L’interdiction par la wilaya d’Alger de l’hommage à Matoub Lounès, assassiné il y a tout juste 16 ans, est presque passée inaperçue. Le silence assourdissant des intellectuels et artistes algériens étonnent et interrogent. Que reste-t-il de la mémoire du chanteur engagé kabyle, 16 ans après sa disparition ? Éléments de réponse.

Des posters pour les uns, des bougies allumées pour les autres. Ils étaient une cinquantaine à se réunir mardi en début de soirée sur le parvis de la Grande Poste à Alger pour rendre hommage à Matoub Lounès, assassiné le 25 juin 1998. Bravant l’interdit de la wilaya d’Alger, qui avait refusé lundi de leur prêter la salle Atlas dans le quartier de Bab El Oued, ces admirateurs du chanteur kabyle rebelle ont tenu à honorer la mémoire d’une légende de la chanson. Une cinquantaine, c’est finalement peu pour un homme qui a combattu à sa façon le terrorisme et l’obscurantisme en Algérie. Bouzid Ichalalene, l’un des organisateurs de l’évènement censuré lundi, tente de justifier : « L’interdiction de la wilaya est intervenue à la dernière minute. Il fallait réagir vite. J’ai seulement fait une annonce sur mon profil Facebook mardi et quelques heures ils étaient une cinquantaine à répondre présent ». Pour le président de l’Association culturelle Taghzout, c’est la « preuve que Matoub Lounès est toujours apprécié par les Algériens ».

Mais le jour de l’anniversaire de sa disparition, peu d’artistes algériens se sont manifestés. Aucune voix au sein de la classe des intellectuels algériens ne s’est élevée pour critiquer la décision des autorités locales. La faute au gouvernement algérien, accuse Bouzid Ichalalene. « Le système est en train d’encourager la production folklorique plutôt que l’art engagé », regrette-t-il.

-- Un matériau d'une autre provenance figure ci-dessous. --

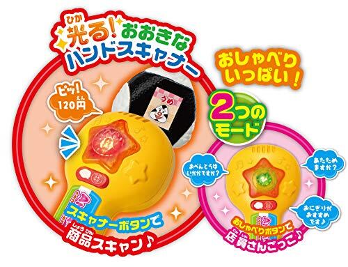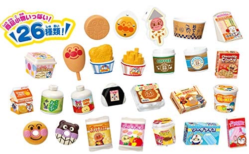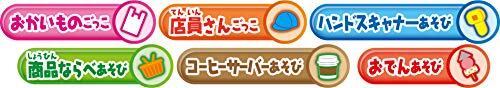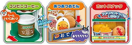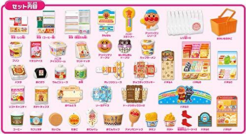 付属:本体(レジ側/コーヒー側/商品だな側)、ハンドスキャナー、アンパンマンレリーフ、アンパンマンドーナツ、ばいきんまんドーナツ、サンドイッチなどの小物×24、おかいものかご、レジ袋×6、ドーナツボックス×2、かんばん、パネル×6、転倒防止パーツ×2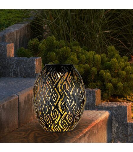 Descrizione Con questa lampada solare darete un tocco molto speciale al vostro giardino. Il paralume in metallo modellato con la sorgente luminosa a LED integrata crea bellissimi accenti luminosi. Grazie alle celle solari integrate, che caricano una batteria integrata, questa lampada può essere posizionata completamente senza collegamento alla corrente. Questa lampada solare si carica durante il giorno ed emette la luce immagazzinata fino a 8 ore al buio. Grazie alla classe di protezione IP44 la lampada è protetta dagli spruzzi d'acqua ed è quindi ideale per l'uso esterno. La sorgente luminosa è installata in modo permanente nella lampada. Lampada dettagli • Tipo di lampada: luce solare• Materiale: metallo• Colore: oro, nero • Maniglia per appendere• Picchetto • Batteria inclusa: 1xAAA• Tempo di illuminazione: 6-8 ore• Grado di protezione: IP44 • Diametro x altezza in cm: 12,5 x 90 • Sorgente luminosa: 1x LED • Lampadine incluse: sì • Potenza lampada: 1x 0,06 watt • Temperatura ...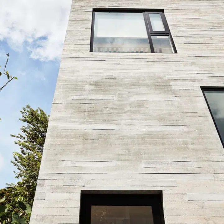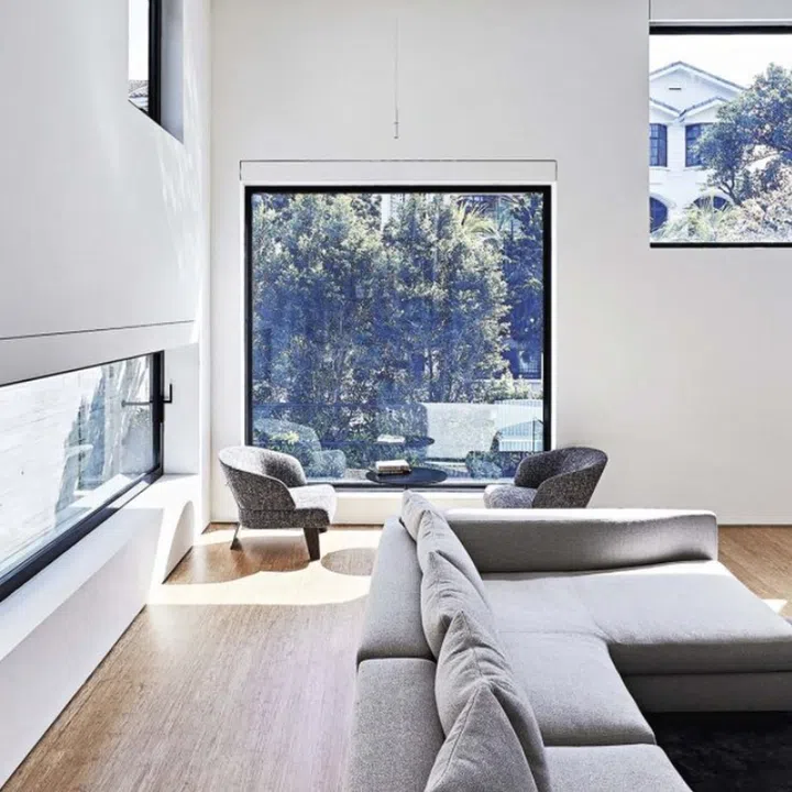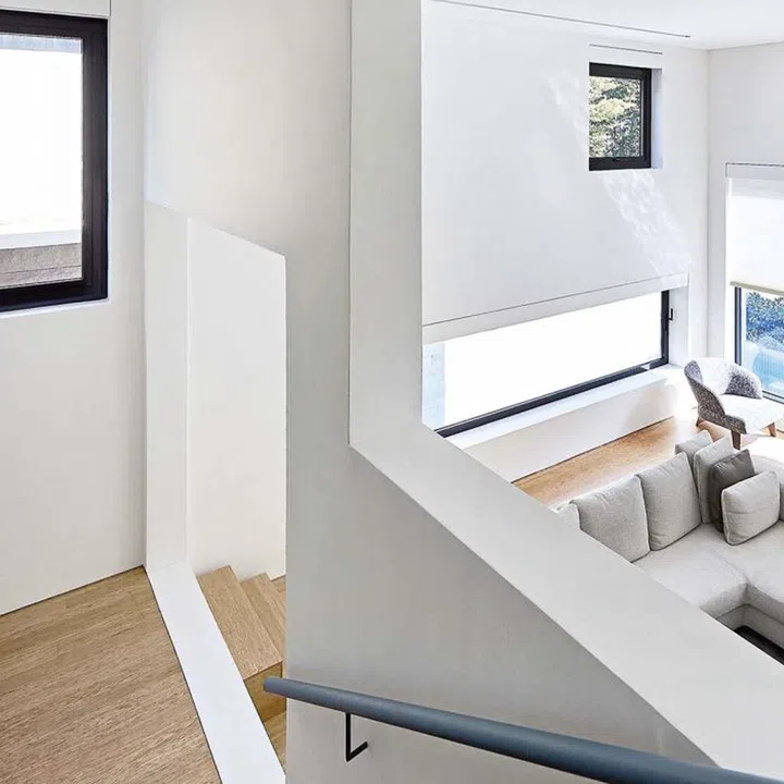 The spaces flow and unfold across multiple split levels in-between these two shells, creating a dialogue with the openings strategically punctured into the shells.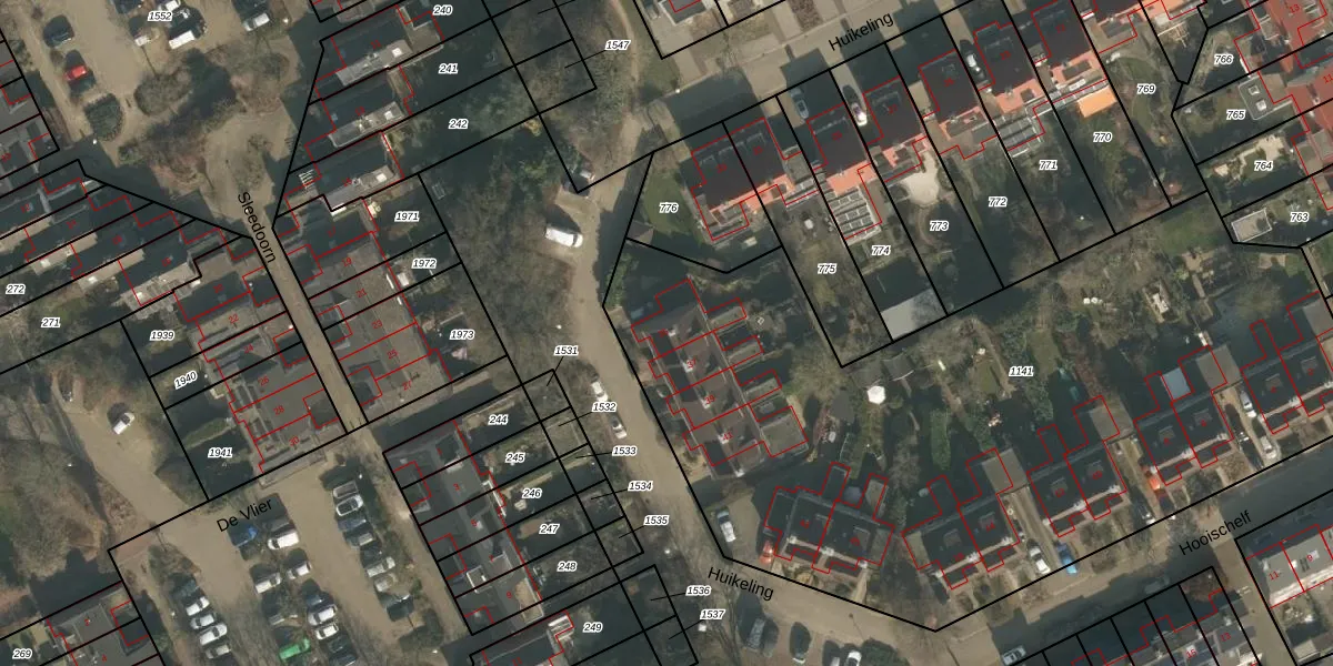 Het perceel waarop Huikeling 35 staat heeft een oppervlakte van 4390 m². Dit is een zeer groot perceel. De perceeloppervlakte wordt geregistreerd door het Kadaster. Gedetailleerde informatie over de maten van dit perceel kunt u vinden in het rapport Kadastrale kaart met maatvoering van Huikeling 35.

Lotfi Double Kanon, un fan

Dans la nouvelle génération de chanteur, Lotfi Double Kanon, aujourd’hui exilé en France, est l’un des rares à défendre la mémoire de Matoub Lounès. En janvier dernier, le rappeur d’Annaba demandait même à Ahmed Ouyahia, ministre chargé des affaires de la Présidence, et Khalida Toumi, ex-Ministre de la Culture, de décréter une « fête nationale à son honneur et que Matoub Lounès soit évoqué dans les livres d’histoire à l’école ».